Data extract
============
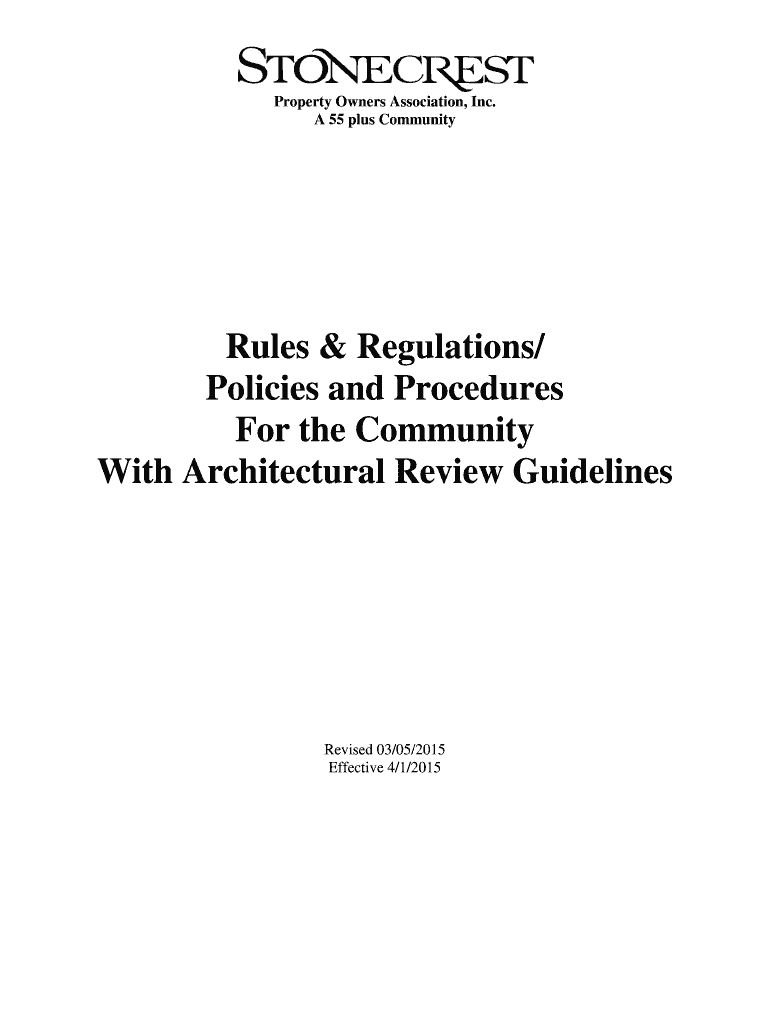 Property Owners Association, Inc. A 55 plus CommunityRules & Regulations/ Policies and Procedures For the Community With Architectural Review GuidelinesRevised 03/05/2015 Effective 4/1/201511050 SE
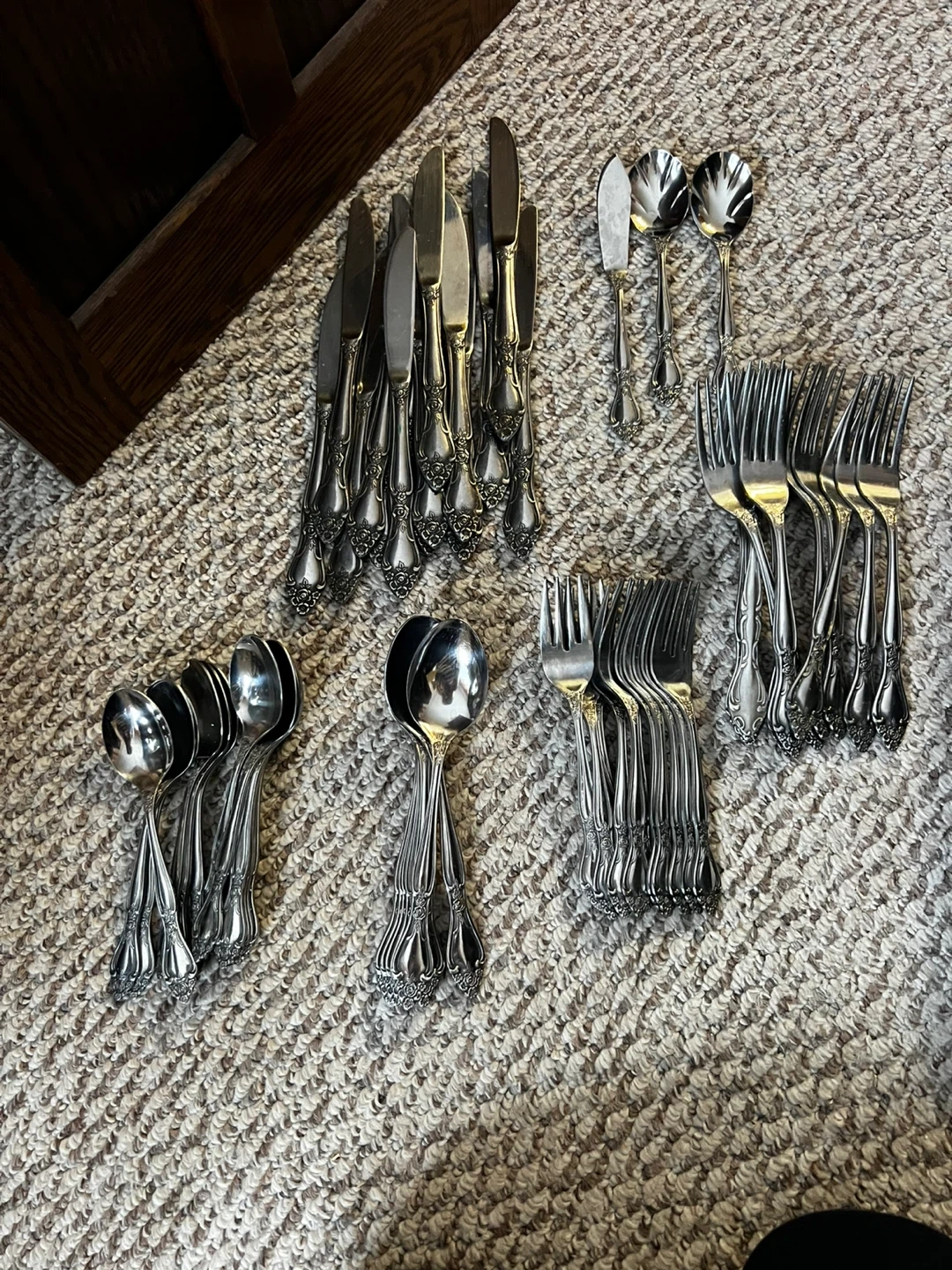 Selling a complete set of vintage silverware. Includes knives, forks, and spoons. Perfect for adding a touch of elegance to your dining experience!
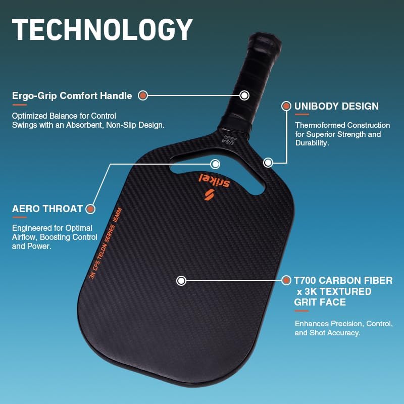 Polymer honeycomb core and thermoformed unibody construction deliver 30% faster energy transfer. USA Pickleball approved for all skill levels, from casual rallies to pro tournaments.
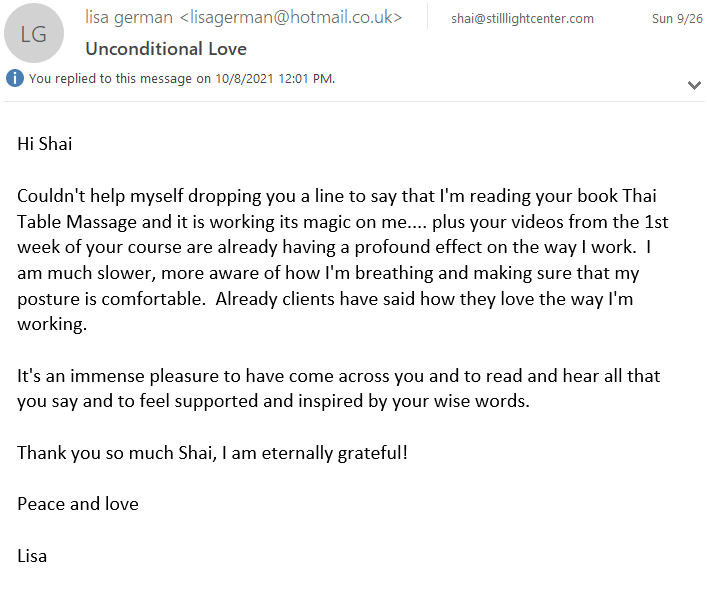 That giving Thai Massage is at least as good as receiving. What’s more, the more you give, the better. Not only for them, but for you as well.
============
Aim of the task
In the data above, the line containing "Polymer honeycomb core" and all lines after it are to be reproduced exactly, leaving out the pictures.

Answer below
 Polymer honeycomb core and thermoformed unibody construction deliver 30% faster energy transfer. USA Pickleball approved for all skill levels, from casual rallies to pro tournaments.
 That giving Thai Massage is at least as good as receiving. What’s more, the more you give, the better. Not only for them, but for you as well.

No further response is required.